Antifa thinks it is. It’s what they’re planning for.
One of the things I have to remind myself of occasionally is that most people know essentially nothing about Communist theory and Communist revolutionary tactics.
Antifa is running the classic Communist playbook. Make the enemy fight you where you are strong and they are weak — where you have support among the people and (when possible) cover from sympathetic local officials.
Historically that has usually meant fighting from rural areas where the reach of the government is weak. But the Russian Revolution was an exception, and the revolution Antifa is trying to fight is another. Their natural home ground is large coastal cities run by left-wing Democrats.
September 25, 2025
An unanticipated danger of AI – “classified” videos for decision-makers
Until fairly recently, even the least tech-savvy among us could distinguish AI-generated videos from the real thing … but most of the leaders and decision-makers in western governments aren’t very tech-savvy and put into high-pressure environments may be uniquely susceptible to AI manipulation:
What If I Told You … One of the biggest applications of AI for misinformation hasn’t been online but in the halls of power.
Aging boomer politicians, generals, and major figures are manipulated by showing them AI videos they can’t tell, can’t pause to look at, and certainly can’t digitally examine or geolocate …
“And as you saw Mr President.”
Pay attention. All of them reference seeing “videos” that you aren’t allowed to see, of events which they claim are public record, but appear no-where and no reporting supports …
Sean Hannity was interviewing a world leader and even said “You should show the public the video you showed me it’d really change everyone’s opinion. it changed mine” LIVE ON AIR. And the world leader said some non-committal maybe, then released nothing.
These aging politicians, media figures, corporate personalities, etc. all casually reference seeing insane videos that would CHANGE EVERYTHING and would have been immediately released to sway public opinion if they existed or would have been leaked if it would have been in poor taste to be seen directly releasing them (like gore films)
But of course they aren’t released because they’re faked and the internet would immediately piece together that they’re faked with AI, video game, and archival footage from old conflicts … But the aging 60- and 80-year-olds who run the world can’t tell.
There was a case where they challenged Greta Thunberg “Would you watch this video it’d change your mind” and she refused telling them to just release it … Then they didn’t and attacked her for not being willing to view evidence contrary to her views … in a controlled environment where she couldn’t scrutinize it or check its authenticity against anything else …

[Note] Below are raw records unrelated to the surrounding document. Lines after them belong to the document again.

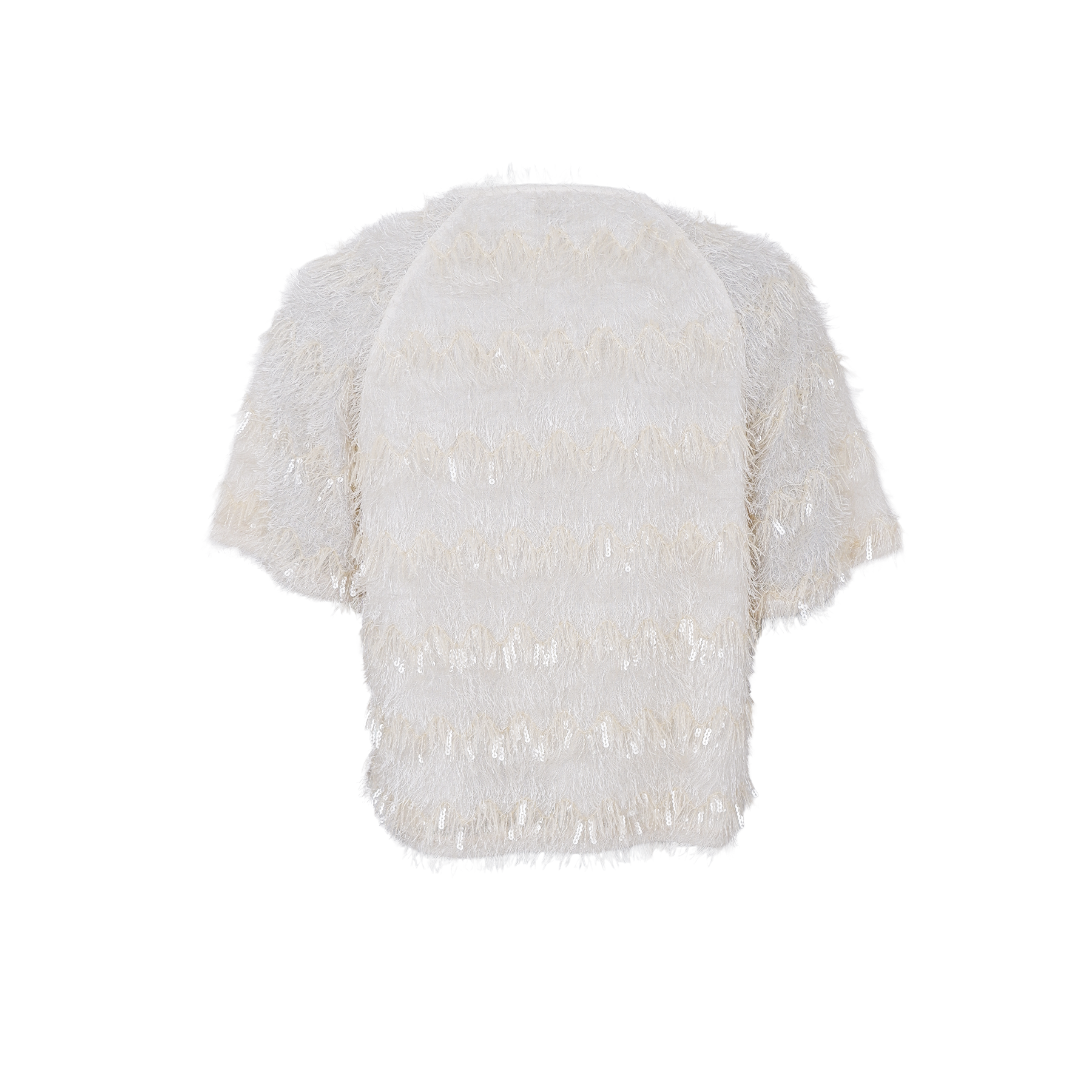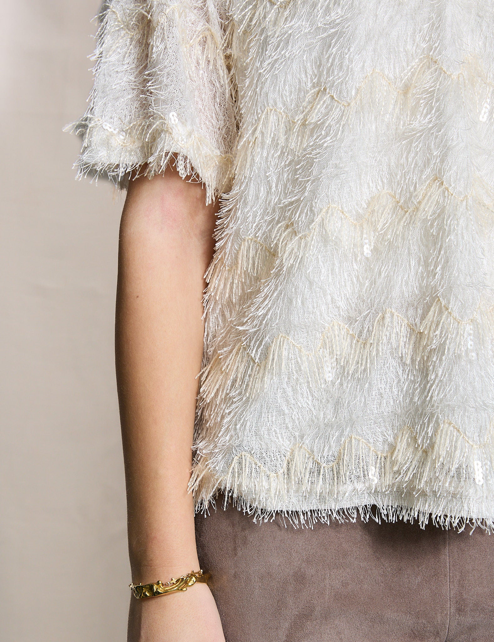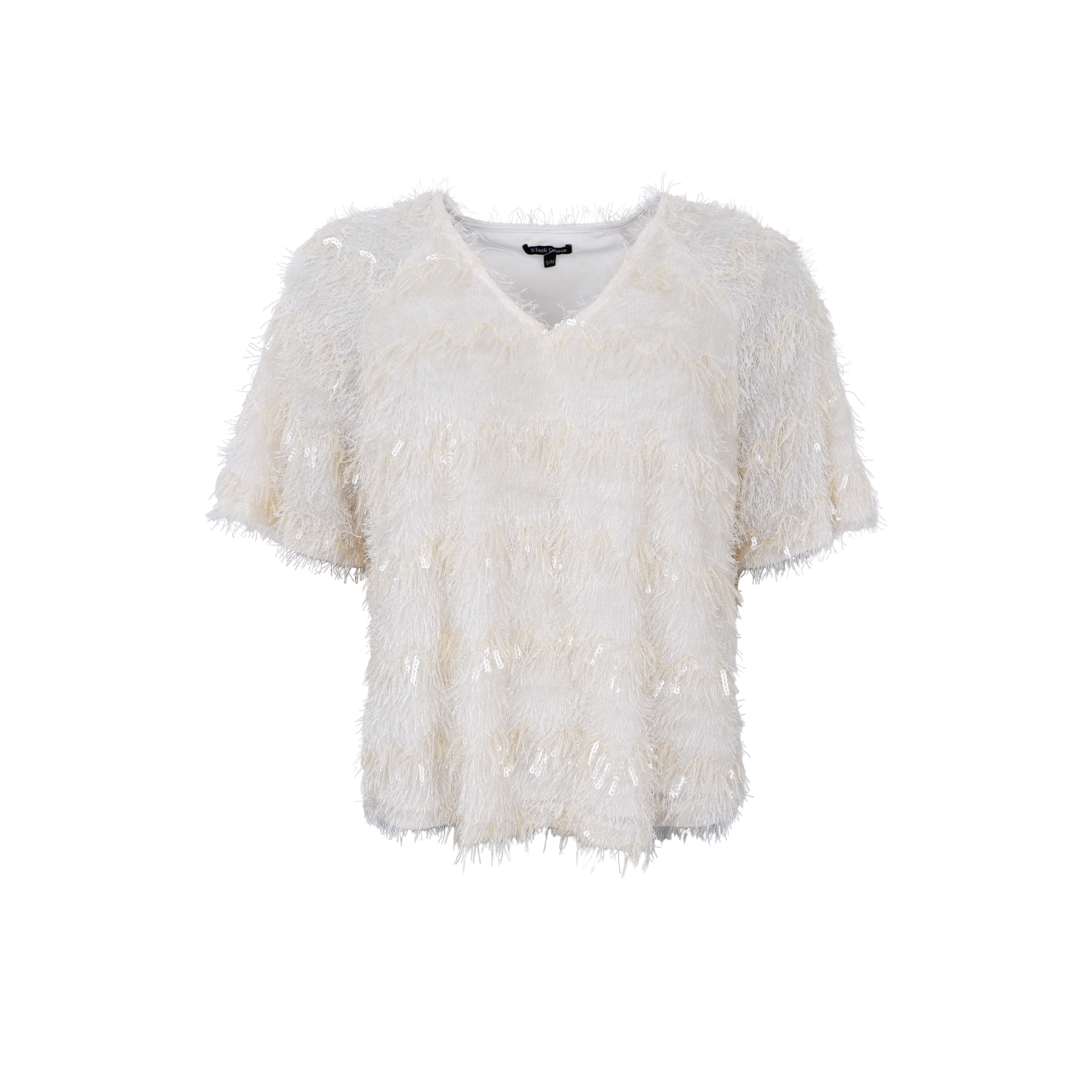 Fitz blusen är dekorerad med fransar och paljetter som ger en exklusiv look. Med en feminin V-ringning, korta ärmar och en lätt, avslappnad form är den både stilren och bekväm. Perfekt för festliga tillfällen.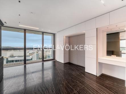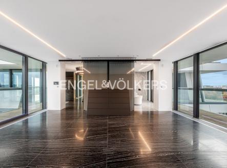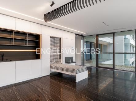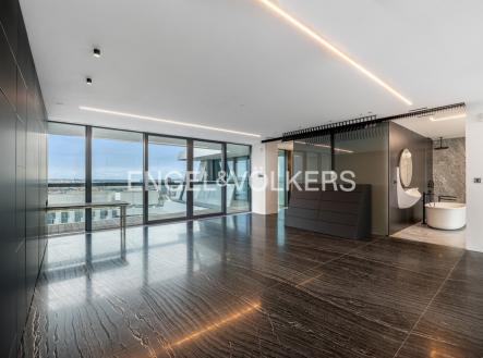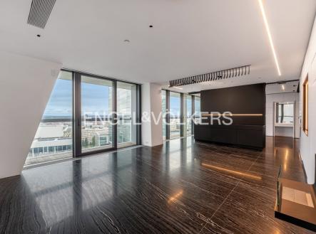 K pronájmu nabízíme mimořádně prostorný a prémiově zařízený byt 3+kk o velikosti 160 m², situovaný v 15. patře prostřední věže prestižní rezidence V Tower – nejvyšší a nejexkluzivnější rezidenční budovy v Praze. Byt se pyšní terasou obepínající celý byt, která nabízí dechberoucí panoramatické výhledy na Prahu a přístup z každé obytné místnosti. Dominantou bytu je prostorný obývací prostor s designovou kuchyní na míru, dále zde naleznete dvě ložnice, dvě velké koupelny s vanou, samostatnou toaletu s technickou místností a šatnu. Interiér je navržen s důrazem na detail a praktičnost, což dokládá vestavěný multifunkční nábytek a dostatek úložných prostor. Celý byt je proveden ve špičkových materiálech – podlahy i koupelny z přírodního mramoru a prémiové vybavení. Rezidence V Tower poskytuje svým rezidentům nejvyšší úroveň služeb – 24/7 recepci a ostrahu, wellness centrum se saunami a bazénem, fitness, soukromé kino, společenský salonek, prádelnu i další doplňkové služby zajišťující maximální komfort. Objekt je centrálně vytápěný a klimatizovaný. Součástí nájmu je parkovací stání v uzavíratelné garáži s možností pronájmu druhého místa po dohodě. Zájemce je srozuměn s provizí realitní kanceláře ve výši jednoho měsíčního nájmu + DPH.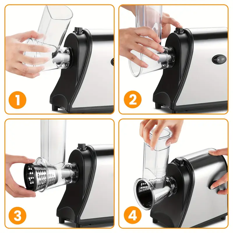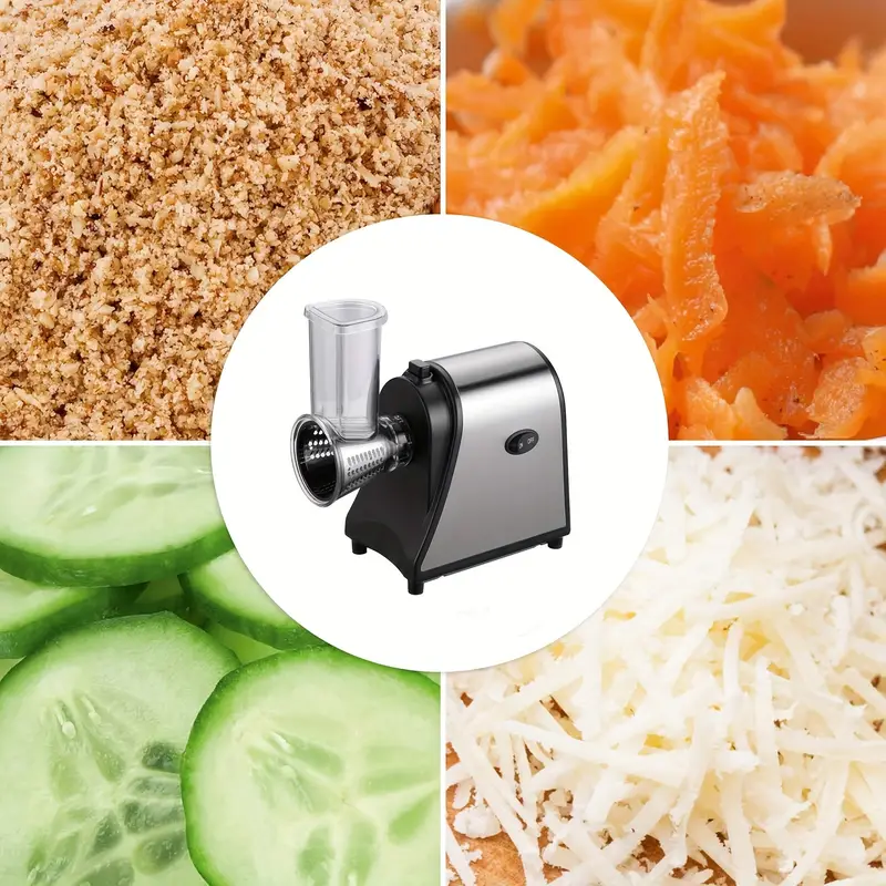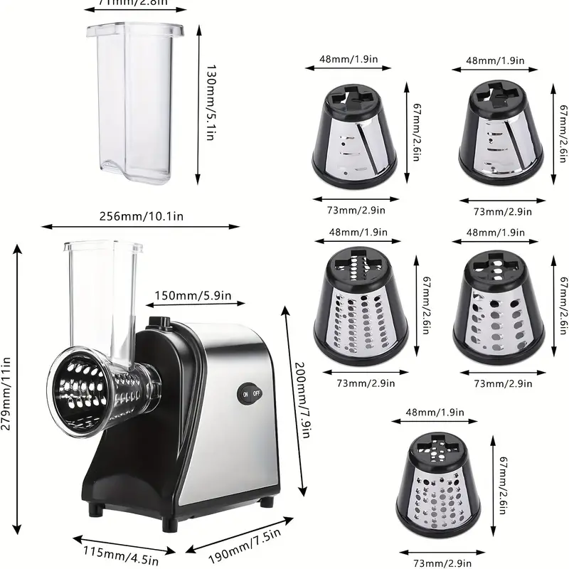 Package includes: 1 x Electric Vegetable Slicer 2 x Cutting Insert 1 x Fine Grating Insert 1 x Coarse Grating Insert 1 x Ground Blades 1 x User Manual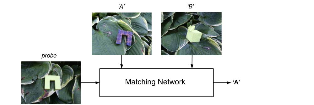 帶有匹配網絡(atching Networks)的認知心理學實驗示意圖。匹配網絡將左側的探測物體匹配到「A」圖或「B」圖。匹配網絡的輸出取決于其形狀偏好的強度。
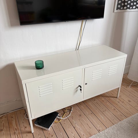 Vitt skåp ”PS” från IKEA i industriell stil. Vi har haft den som TV-bänk men den passar också som förvaring i andra rum. Mycket gott skick, som ny! Inköpt förra året. Nypris 899 kr. Säljes för 100 kr för att vi vill bli av med den snabbt.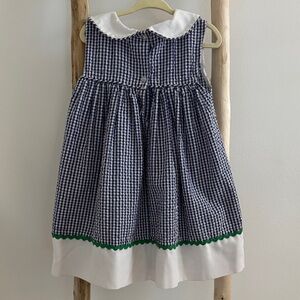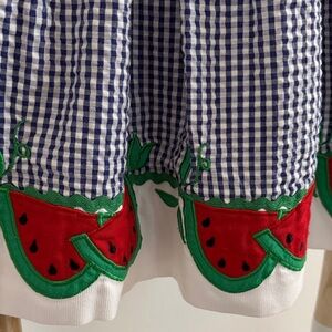Adorable kids dress featuring a classic blue and white gingham pattern with charming watermelon motif. Perfect for playful days and special occasions. Includes matching bloomers.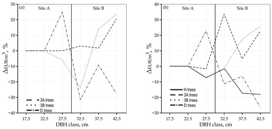 The influence of the TCDD class on the average tree value regarding the DBH class is shown in Figure 2a. On site A, the average tree value remains the same up to DBH class 22.5, regardless of the TCDD class. This trend was caused by the small diameter of the produced logs, and despite their quality, they were classified as FW. In DBH class 27.5, D trees had a higher average tree value of 24.6% compared to the H trees. The significantly higher average tree value of D trees is the result of the previously mentioned higher share of SL. On site B, D trees had a lower average tree value in all DBH classes; 3B trees showed a decrease in average tree value in DBH class 32.5 by 24.0%, while the increase in average tree value was determined in DBH class 37.5 by 14.0% and DBH class 42.5 by 23.6%; 3A trees showed an increased average tree value from a minor 1.9% in DBH class 37.5 to 20.5% in DBH class 42.5.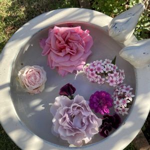 咲き進んだバラを✂️したので、花手水にしました🌸🌼🌹 リベルラのヒラヒラが可愛いなぁ💕 少し風が冷たくなって、短い秋が終わろうとしています🍂🍁 温かくして 🏷️ニコニコ日曜日 をお過ごしください(⁎˃ᴗ˂⁎) 。.ꕤ‿‿‿‿‿‿‿‿‿‿‿‿‿‿‿‿‿‿ꕤ.。
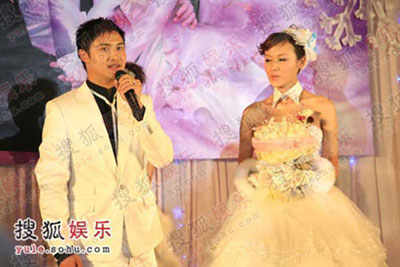 China's diving prince, 2000 and 2004 Olympic champion Tian Liang (R) and 2005 Super Girl contestant Ye Yiqian (L) are seen at their wedding ceremony in Shangri-La Hotel, Xi'an of Northwest China November 29, 2007. The pair's love story has been in spotlight in China since 2006. [sohu]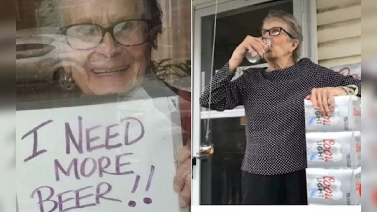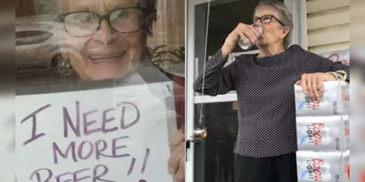 Después de que Olive Veronesi, se hiciera viral por su fotografía sosteniendo un letrero pidiendo cerveza, recibió un regalo que muchos ya envidian, pues la marca favorita de la ancianita le ha enviado una dotación completa de cervezas para que pueda pasar esta contingencia.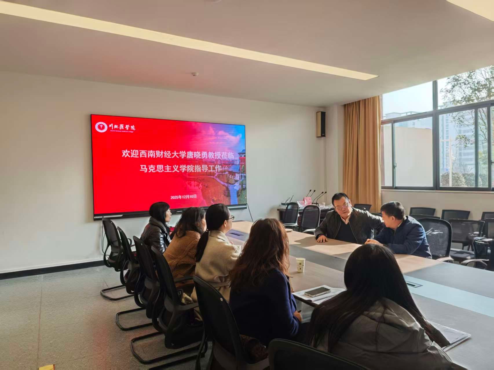 2025为进一步加强新时代马克思主义学院建设,夯实理论宣传与思想政治教育主阵地,12月9日,我院特邀四川大学马克思主义学院刘渊教授莅临指导。刘渊教授围绕马克思主义理论学科建设、思想政治理论课改革创新、学术研究与社会服务协同发展等方面开展了深入交流与专题指导。在座谈会上,我院党总支书记、院长胡澜首先介绍了学院在学科发展、课程建设、师资队伍以及理论宣传阵地建设等方面的基本情况与未来规划。刘渊教授认真听取汇报后,结合四川大学马克思主义学院的建设经验,...

It sounds insane! But if you pay attention all of these politicians, media figures, and even influencers … People who often have ZERO security clearance or any official attachment of real trust or allegiance to the governments showing them this “classified” or “controlled” footage … Regularly reference seeing footage which does not exist in the public domain, for events which are viciously contested in which any of the footage they claim to have seen would be WORLD CHANGING news … Yet all these figures are just left out in the wind repeating “Trust me bro”s for some of the most important occurrences of the past decade.